Key Data and Events to Watch This Week

The calendar in the US is not terribly busy in the week ahead. ISM non-manufacturing and pending home sales kick off the action on Monday, and these will be followed by the minutes of the latest FOMC meeting on Tuesday. Crude oil inventories and consumer credit are up on Wednesday. The usual jobless claims data, along with chain store sales are up on Thursday, and Friday rounds out the week with wholesale inventories.

It is a touch more animated in the euro zone. Investor confidence leads off the week on Tuesday, while the PMI composite survey, gross domestic product, and German factory orders are due Wednesday. Retail sales, German industrial production, and the all-important ECB rate meeting/press conference are scheduled for Thursday. The market is looking for no change in rates. Friday closes things out with French industrial production, French business sentiment, and German trade.

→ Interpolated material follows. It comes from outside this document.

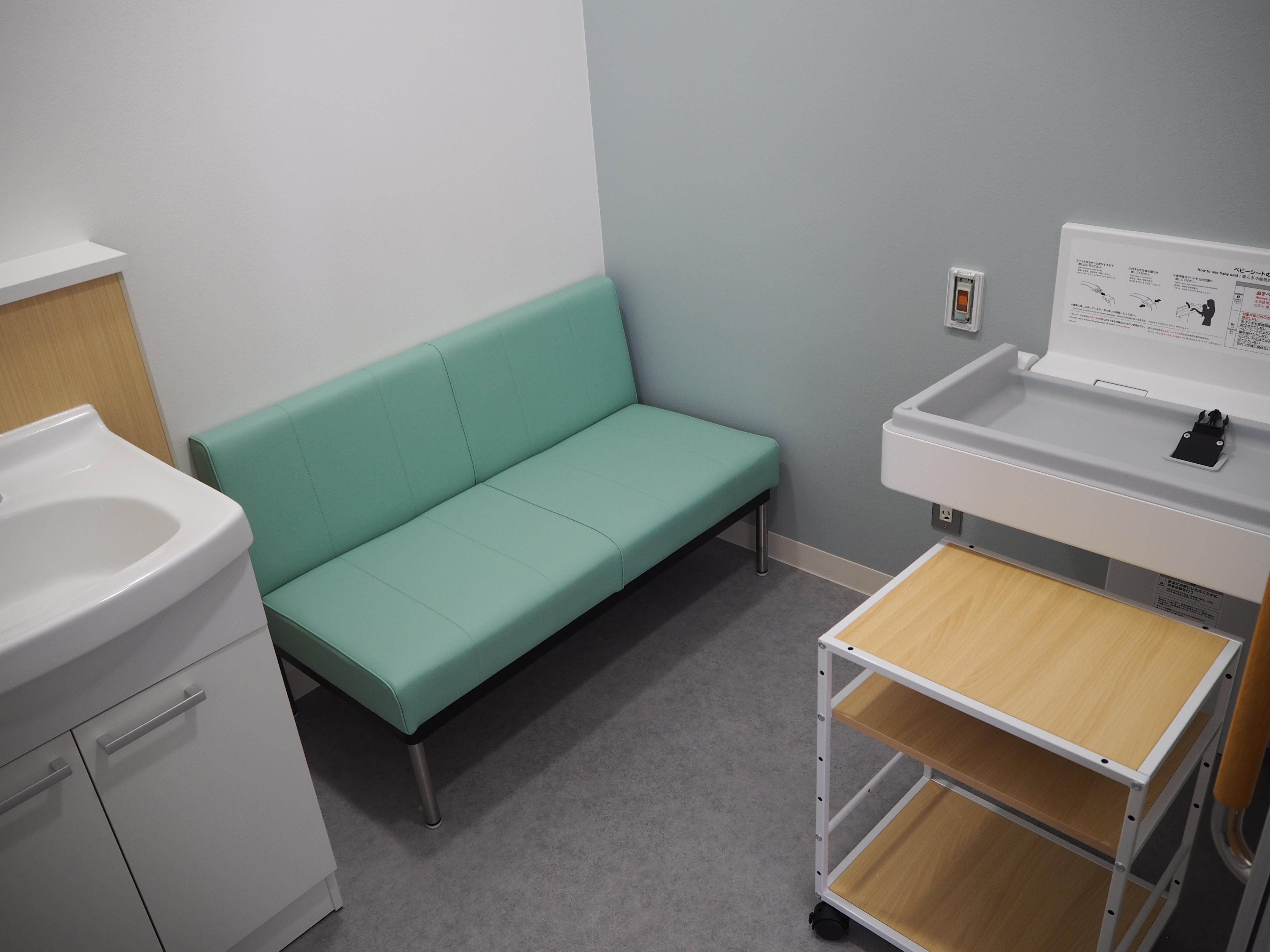 授乳・おむつ替えスペース内観(おむつ交換台、水栓、エアコン、ソファ、荷物置)

The UK sees a slow but important week. Consumer confidence leads the way on Tuesday, and this is followed by PMI services on Wednesday. Thursday sees industrial production and the BOE rate decision, which is the obvious highlight for the week here. The market expects no change to rates or the 200B asset purchase program. Producer prices close out the week on Friday.

Japan is characteristically uneventful. The index of leading economic indicators is up on Tuesday. Wednesday is key with the BOJ rate decision (likely another non-event) and the trade balance due up. Machine tool orders end the week on Thursday.

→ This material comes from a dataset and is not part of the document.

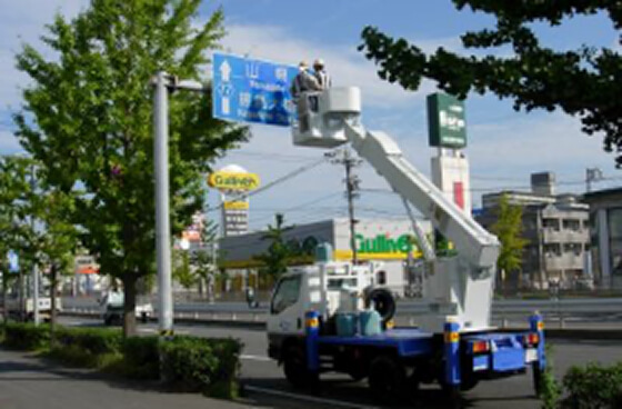 高輝度反射材や多言語ピクトを採用した標識を設計・更新。設置診断士研修の知見を活かし老朽度評価から施工・維持管理までワンストップ対応。県警と連携し、自動運転支援にも資する正確な情報提供を行います。

Canada is super light, but has some top-tier releases due nonetheless. Building permits and the Ivey purchasing managers index are up Wednesday, while the all-important employment report is scheduled for Friday.

Ditto for the calendar in Australia. The RBA rate decision is scheduled for Tuesday, and the market is narrowly expecting a 25 basis point increase to the current 4.0% target. Thursday, meanwhile, has the top-tier employment report scheduled. Should be a good week for AUD price action.